Khazad Dum - Delving for Data with a Text2SQL Agent
date: 2025-11-30
In Tolkien’s Middle-earth, the dwarves of Khazad Dum delved deep into the mountains. They were mining mithril—the most precious metal in the realm. My text2sql agent borrows that name because it does something similar: it digs into your database and surfaces the insights you’re looking for, no pickaxe (or SQL expertise) required.
The Problem
Writing SQL is a powerful skill, but doing it effectively requires deep knowledge of the underlying database structure. Which table holds customer emails—users, customers, or contacts? What’s the exact column name for order dates? These questions slow you down and create a barrier, especially for those who aren’t living in the database day-to-day.

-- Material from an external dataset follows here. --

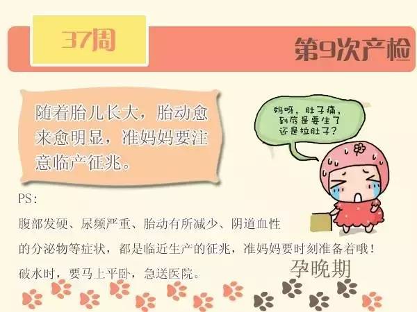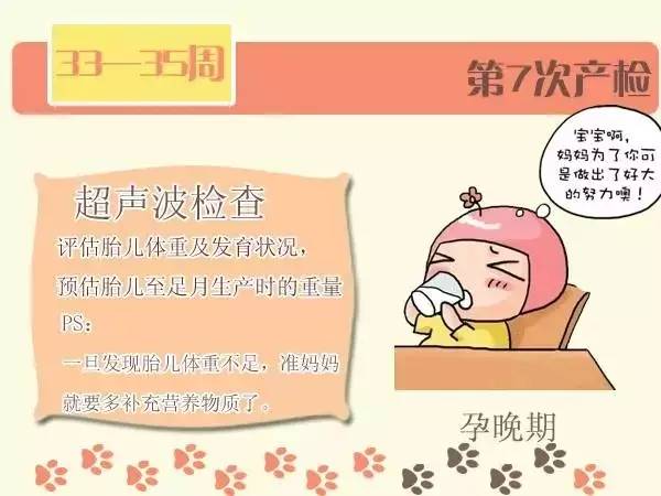 到了孕期34周时,建议准妈妈做一次详细的超声波检查,以评估胎儿当时的体重及发育状况,并预估胎儿至足月生产时的重量。一旦发现胎儿体重不足,准妈妈就应多补充一些营养物质 。 Tip:准妈妈在37周前,要特别预防早产的发生,如果阵痛超过30分钟以上且持续增加,又合并有阴道出血或出水现象时,一定要立即送医院检查。

What if you could just ask for the data you need in plain English? That’s where LLMs come in—their flexibility lets us bridge the gap between natural language and structured queries. I am running the experimentation in spider 2.0 Snowflake DB.
How Khazad Dum Works
Khazad Dum is built on a simple but flexible stack: - lisette handles LLM tool-calling - FastHTML powers a lightweight chat interface - SQLite stores conversation history
When you ask a question, the agent gets to work: it inspects the database schema, translates your request into SQL, and runs the query. If something goes wrong — a typo in a table name, a syntax hiccup — it doesn’t give up. Like the dwarves who kept mining through hard rock, the agent takes the error, learns from it, and tries again with a corrected query.
The database layer follows a clean interface pattern: connect, check if the connection is alive, extract metadata, and execute queries. Swapping from SQLite to Oracle or Snowflake just means implementing this same interface for the new dialect — the rest of the agent stays untouched.
Metadata Building Before the agent can write accurate SQL, it needs to understand the lay of the land. When Khazad Dum connects to a database, it automatically extracts metadata — table names, column names, data types, and relationships. Think of it as the agent drawing a map of the mines before it starts digging. This schema knowledge is what allows it to turn your plain English question into a query that actually runs.
Complete code is available on Khazad Dum GitHub
A Quick Example
User: “Which airport has the most departures?”
Khazad Dum gets to work. Its first attempt:
SELECT GET(PARSE_JSON("airport_name"), 'en')::VARCHAR AS "airport_name",
COUNT(*) AS "departure_count"
FROM AIRLINES.AIRLINES."FLIGHTS"
GROUP BY "departure_airport"
ORDER BY "departure_count" DESC
LIMIT 1Error: invalid identifier '"airport_name"'
The agent reads the error, realizes airport_name lives in a different table, and retries with a join:
SELECT GET(PARSE_JSON("airport_name"), 'en')::VARCHAR AS "airport_name",
COUNT(*) AS "departure_count"
FROM AIRLINES.AIRLINES."FLIGHTS"
JOIN AIRLINES.AIRLINES."AIRPORTS_DATA"
ON "FLIGHTS"."departure_airport" = "AIRPORTS_DATA"."airport_code"
GROUP BY "airport_name"
ORDER BY "departure_count" DESC
LIMIT 1Result: Domodedovo International Airport — 3,217 departures.
One plain English question, one self-correction, one answer.
What I Learned
Small models can punch above their weight. I was surprised how well a modest LLM like gpt-4o-mini handled the task — running on a Mac, it solved queries effectively. The key was clear tool definitions: when the interface is well-defined, the model knows exactly what to do and can self-correct on failures.
Metadata is crucial — and worth caching. Extracting column names and data types was straightforward, but inferring foreign key relationships required prompting the LLM. That’s a costly operation, so I added caching to avoid repeating it. Lesson learned: invest in good metadata upfront, then reuse it.
Simple tools make fast iteration possible. Both lisette and FastHTML stayed out of my way, which meant I could focus on what mattered: finding the right prompts. And that’s where the real work was — iterating quickly on prompts until the agent behaved the way I wanted.
Model fails to answer for ambiguous questions. As question get complex the model does not perform well and generalize.
What’s Next
Khazad Dum already supports multi-turn conversations — you can ask follow-up questions and refine your queries naturally. But there’s more mining to do:
More databases. The current interface works with SQLite, Oracle, and Snowflake, but I’d like to extend support to Postgres, MySQL, and beyond. The clean interface pattern should make this straightforward.
Recursive Language Models. I’m exploring recursive approaches where the agent can break complex questions into smaller sub-queries, solve them step by step, and combine the results. Think of it as the dwarves digging multiple tunnels that eventually connect.
The mines of Khazad Dum go deep — there’s plenty more mithril to uncover.